PASSWORD(*NONE) means no human can sign in as this profile. The subsystem starts jobs under it via the job description; that’s the only way it gets used.

The profile needs the following authority:

  • *USE on /opt/k3s/ai-worker/ (read code from IFS)
  • *USE on K3SAI library (read profile/key tables)
  • *CHANGE on K3SAI/USAGE_LOG (write usage rows)
  • *USE on K3SAI/AIOUTQ (consume AI requests)
  • *USE on per-customer reply queues (send AI replies)

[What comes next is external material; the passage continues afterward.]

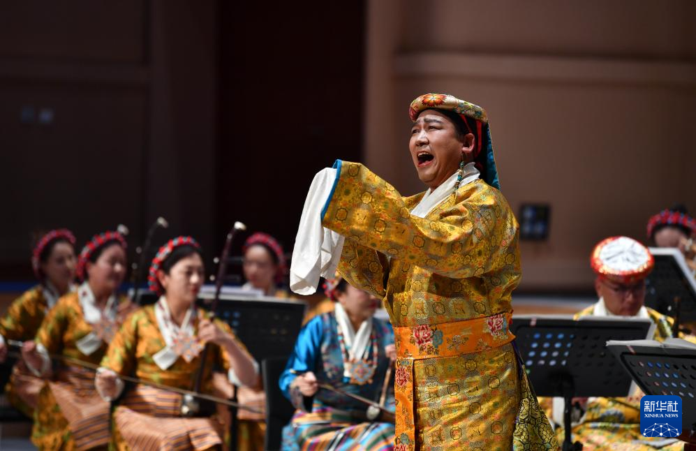 5月20日,在西藏傳統(tǒng)民族音樂(lè)會(huì)《吉祥妙音》演出現(xiàn)場(chǎng),演員演唱堆諧《阿覺(jué)索朗多布杰》。新華社記者 晉美多吉 攝

It deliberately does not have authority on customer operational tables. The PHP worker can’t read or write customer data even if a bug tried to. The platform enforces multi-tenant isolation at the authority layer, not in application code.

The IFS directory

/opt/k3s/ai-worker/
├── bin/
│   └── worker.php
├── src/
├── config/
├── composer.json
├── composer.lock
├── vendor/
└── .env

Owned by K3SAIWRK. Authority is K3SAIWRK *RWX, everyone else *EXCLUDE. The .env file in particular needs tight authority — if it holds secrets (and even worker-config-only env files often grow to hold them), it’s a target.

The CL launcher

The autostart job entry expects a CL command, but we want to run PHP from PASE. The bridge is a small CL program that sets up the environment and invokes PHP via QSH.

AIWSTART.CLLE:

PGM

/* PASE/PHP environment */
ADDENVVAR ENVVAR(PATH)                                          +
          VALUE('/QOpenSys/pkgs/bin:/usr/bin:/QOpenSys/usr/bin') +
          REPLACE(*YES)

ADDENVVAR ENVVAR(LIBPATH)                                       +
          VALUE('/QOpenSys/pkgs/lib')                           +
          REPLACE(*YES)

/* K3S AI worker configuration */
ADDENVVAR ENVVAR(K3SAI_INBOUND_LIB)   VALUE('K3SAI')   REPLACE(*YES)
ADDENVVAR ENVVAR(K3SAI_INBOUND_QUEUE) VALUE('AIOUTQ')  REPLACE(*YES)
ADDENVVAR ENVVAR(K3SAI_LOG_DEST)                                  +
          VALUE('/QIBM/UserData/K3SAI/log')                       +
          REPLACE(*YES)
ADDENVVAR ENVVAR(K3SAI_KEK_PATH)                                  +
          VALUE('/QIBM/UserData/K3SAI/kek/master.bin')            +
          REPLACE(*YES)
ADDENVVAR ENVVAR(K3SAI_TIMEOUT_MS)    VALUE('60000')   REPLACE(*YES)
ADDENVVAR ENVVAR(K3SAI_MAX_RETRIES)   VALUE('5')       REPLACE(*YES)

/* Run PHP via QSH */
QSH CMD('/QOpenSys/pkgs/bin/php /opt/k3s/ai-worker/bin/worker.php')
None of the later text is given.